Another more obvious idea is just to put the module in a external box. I could then fit a small lipo cell in there too, so that would solve my battery problems. The also obvious downside being that I'll lose a lot of portability if I have handle a separate box around. On the other hand, external modems are very retro and I could design a fancy custom 3D-printed enclosure that both evokes old classic modems and matches the 200LX design, kinda same way like some of the adorable SD-card floppy disk emulators I've seen:
While all this pondering does not necessarily affect the PCB design all that much, one thing I do need to decide is what sort of mounting holes (if any) I will be adding. For a bare dongle there isn't really need for those, and as such I hadn't planned for them either (whoops..). But if I want to make any sort of enclosure then I most likely will need some holes. Problem being of course that the board currently doesn't really have all that much extra space as such, and I'm not sure if PCB fabs are happy with this sort of things:
I'll have to check if that is ok. For reference, that's 2.7mm hole from KiCAD library for M2.5 screw, which is pretty much the only thing that possibly could fit in (I guess?).
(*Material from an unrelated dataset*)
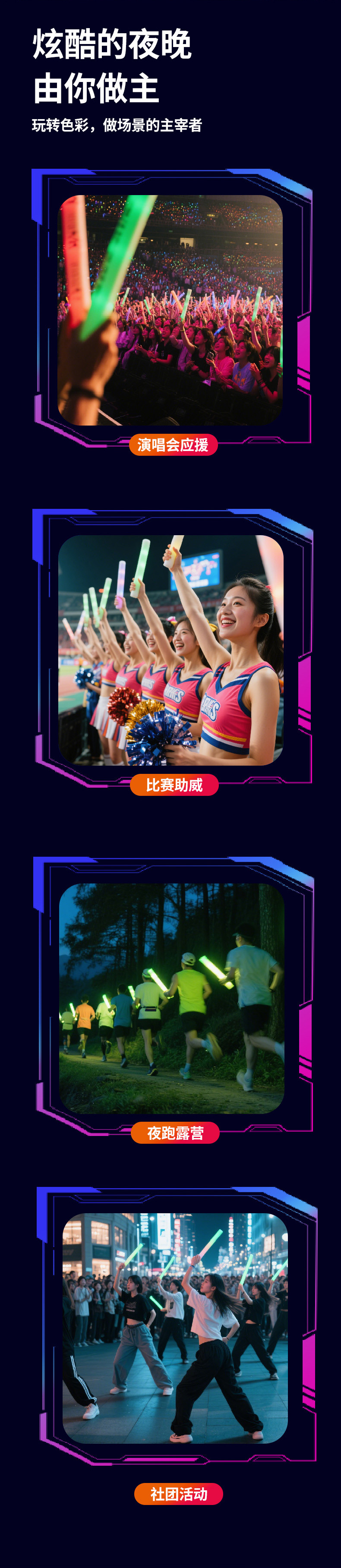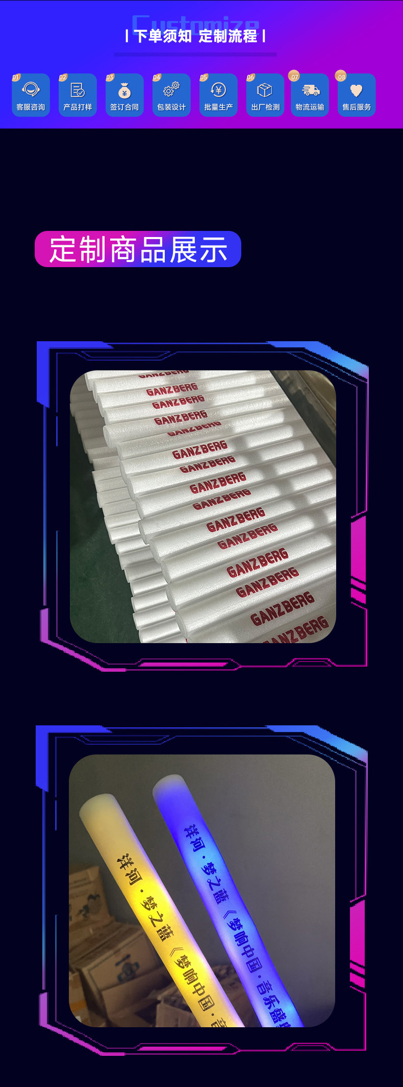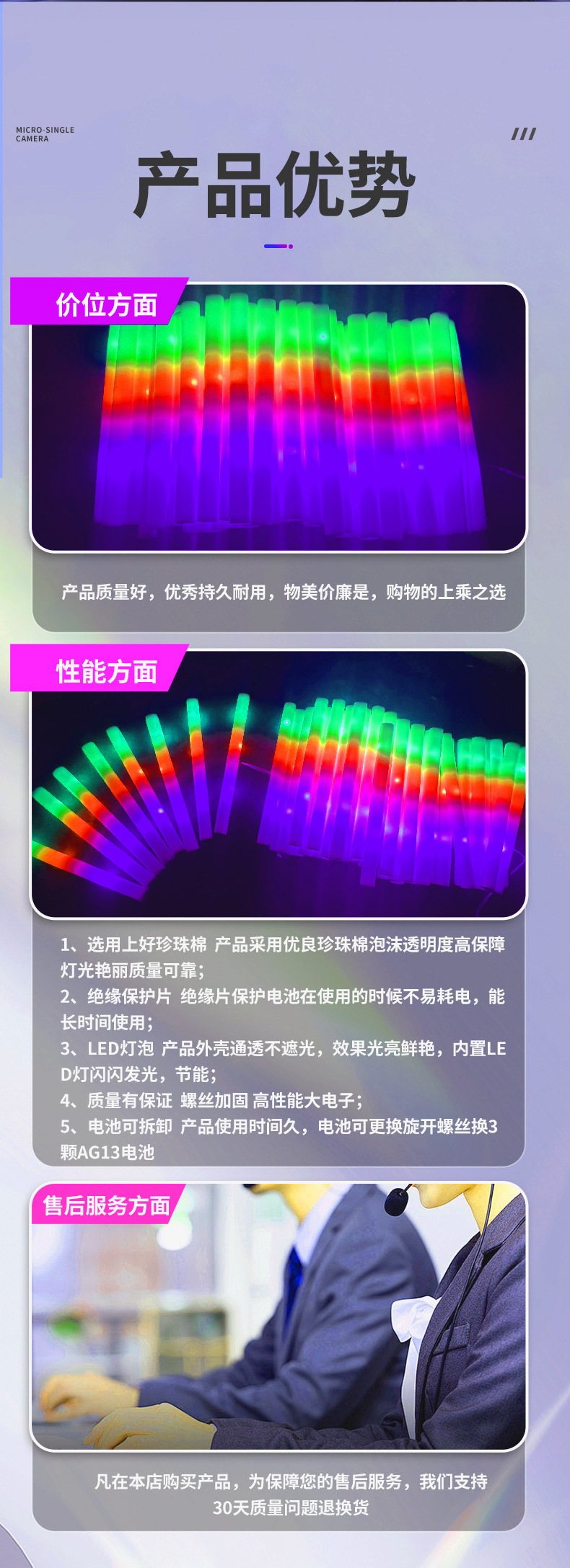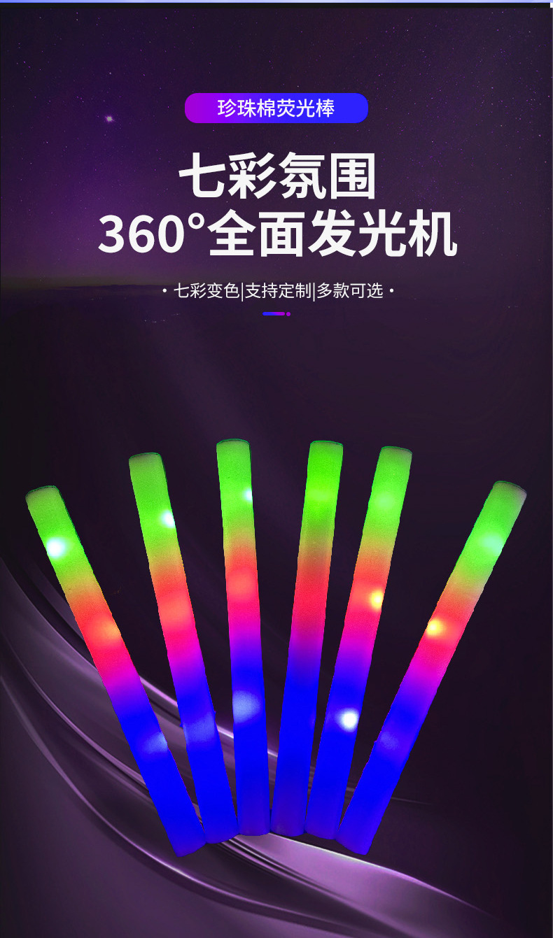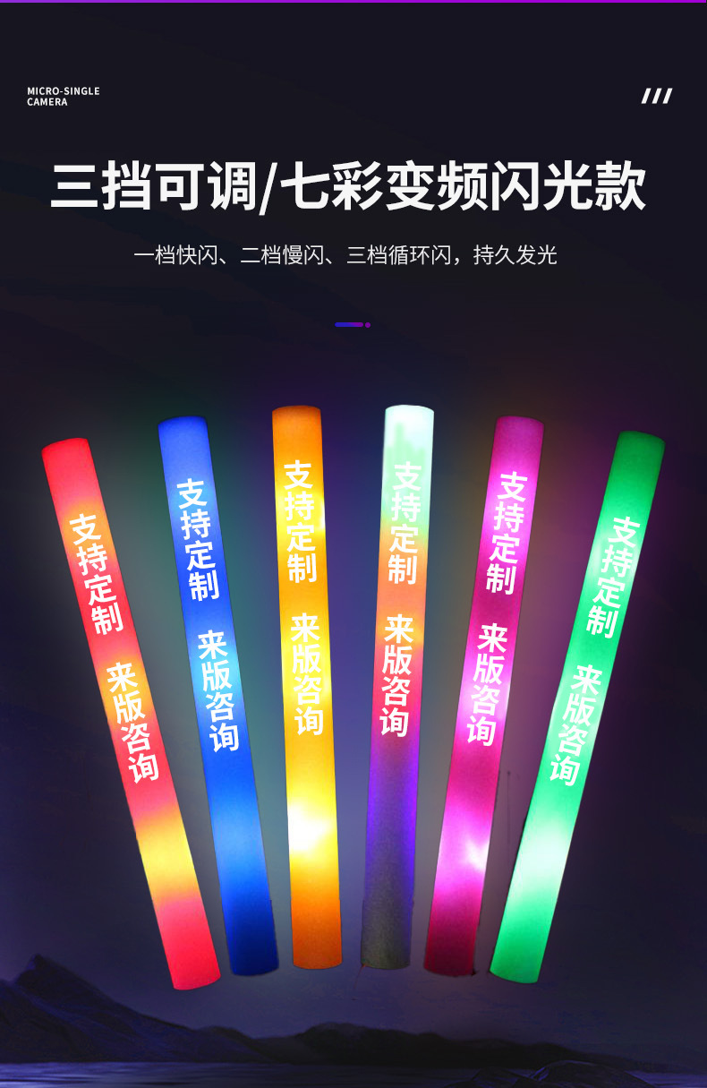 海绵荧光棒批量发光七彩荧光棒泡沫应援助威道具演唱会荧光棒批发

Of course I could redesign the whole board for specifically enclosure in mind, that would probably allow me to make the board bit bigger (if the battery sits on top of the board), and that way I might be able to do it in 2 layers (current design is for 4 layers, which is slightly extravagant) and single-sided assembly which would make life easier.
Saturday well spent. Now I have all components in, nets routed, and passing DRC.
That 680u cap might be slight overkill for ESP. On the other hand, ESP is said to have very spiky power consumption, so I'll want some chunky cap there.
The prettiness of the KiCAD 3D-view makes me want to model all the parts, just for making pretty pictures. Probably won't be doing that, but it would be nice.
The reset switch placement is not ideal, but I feel like it is pretty much the only available space for it. It might be feasible to swap it with flash toggle switch, have to think about it.
Whole layout is still bit of a mess, I just threw the components in, so yeah, very much WIP.
I was just getting the rest of the footprints set up and that also involved selecting what sort of connectors and buttons do I want. I hadn't really been thinking those before and of course its another rabbit hole again.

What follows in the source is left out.